In order to contribute to the objective of increasing the smallholder farmers’ resilience, the InsuResilience Solutions Fund (ISF), managed by Frankfurt School of Finance & Management (FS), and financed by KfW Development Bank on behalf of the German Government (BMZ), signed a grant agreement with CLIMBS Life and General Insurance Cooperative (CLIMBS), acting as project lead and risk taker, The Alliance of Biodiversity International and the International Center for Tropical Agriculture (CIAT), providing analysis of climate and yield data and farmers’ risk exposure, and the InsurTech IBISA Network S.A. (IBISA), responsible for the product design and pricing. Based on the agreement, ISF will co-fund the refinement of existing structures, extend the existing excess rain and wind speed insurance products to new provinces as well as the development and pricing of a new index-based insurance product for drought. Furthermore, sales and marketing activities, and risk and impact assessments are included.

The Philippine Crop Insurance Corporation (PCIC) is mandated with the national agricultural insurance scheme and offers, amongst others, multi-peril crop insurance (MPCI) products for most crops cultivated in the Philippines. PCIC is responsible to prioritise offering insurance to smallholder farmers registered under the Registry System for Basic Sectors in Agriculture (RSBSA, Registry for Poor Farmers) who receive 100% in subsidies, while larger self-insuring farmers have access to 55% subsidy. PCIC’s annual reports show an upward trend in farmers’ subscription to crop insurance, however the programme is highly dependent on government subsidies which increases year after year resulting in the programme needing external assistance or partnering. To tackle this issue, the Government appeals to the private insurance sector to enter the market in order to reduce the financial burden.

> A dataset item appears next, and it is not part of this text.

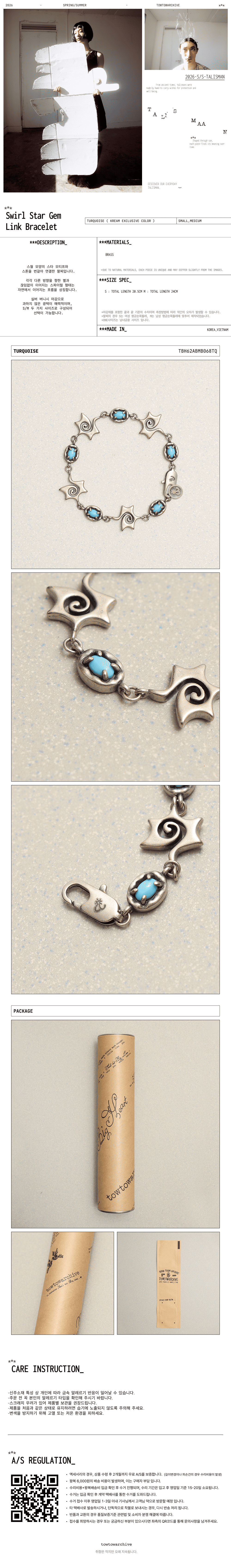 [KREAM 단독] 토우토우아카이브 스월 스타 젬 링크 팔찌 터쿼이즈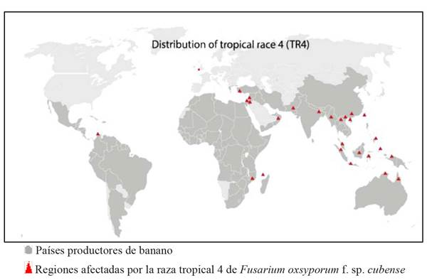 Scientific studies reported globally, related to the host-pathogen interaction of the binome Musa spp. and Fusarium oxysporum f. sp. cubense, indicate that the current and future tendency is the search for materials resistant to the pathogen via diverse biotechnology techniques, such as somaclonal variation, induced in vitro mutagenesis and genetic transformation itself, which are supported by methodologies for the early detection of resistance, with partially successful results thus far. Diverse work groups have been formed to face this phytopathological problem; those in Southeast Asia are particularly important, since it is where FOC RT4 was first detected, in 1990. In June of 2019, plants with FOC symptoms were observed in Colombia, only 19 years later. This was a warning for OIRSA member countries, including Mexico, and by July 25, 2019, the SADER-SENASICA (2019) claimed to be ready to prevent the entry of the fungus Fusarium oxysporum f. sp. cubense RT4 into the country, and reinforced security and prevention measures to mitigate the risk of its entry. It also made a priority out of training technicians and farmers, in which epidemiological surveillance was crucial. Regarding scientific research to face the problem that draws near, little progress has been made in Mexico. It is therefore crucial for research-focused institutions to address this problem.

With this project, the Project Partners aim to answer the Government’s call and support the development of the national insurance market, leveraging CLIMBS extensive network of more than 4,000 cooperatives. The weather index-based product developed by the Project Partners providing coverage against excessive rainfall insures the cooperatives’ loan portfolio. Additionally, a drought product will be developed and launched to cover farmers indirectly. Cooperatives will act as the policyholders and pay the premium on behalf of their members, introducing and promoting the insurance products to the farmers. In case of a weather event triggering the index, the cooperatives are responsible for the distribution of payouts. Climate insurance is embedded in a wider climate risk management system including other decision support tools and instruments such as crop suitability and flood risk maps and crop advisory (e.g. use of stress-tolerant varieties, intercropping and use of organic fertilisers). Based on the knowledge gained from the pilot project, the Project Partners aim to develop a decision-making tool for cooperatives to facilitate the distribution of compensation to farmers by taking into account which members are or have been most affected by the insured event. With regard to the target region, up to 60 provinces of the Philippines will be targeted, starting with Misamis Oriental, Bukidnon, Misamis Occidental, Leyte, Negros Occidental, Eastern Samar, Biliran, Palawan, Samar, Northern Samar, Cebu, Aklan, Southern Leyte , Agusan del Norte, and Bohol.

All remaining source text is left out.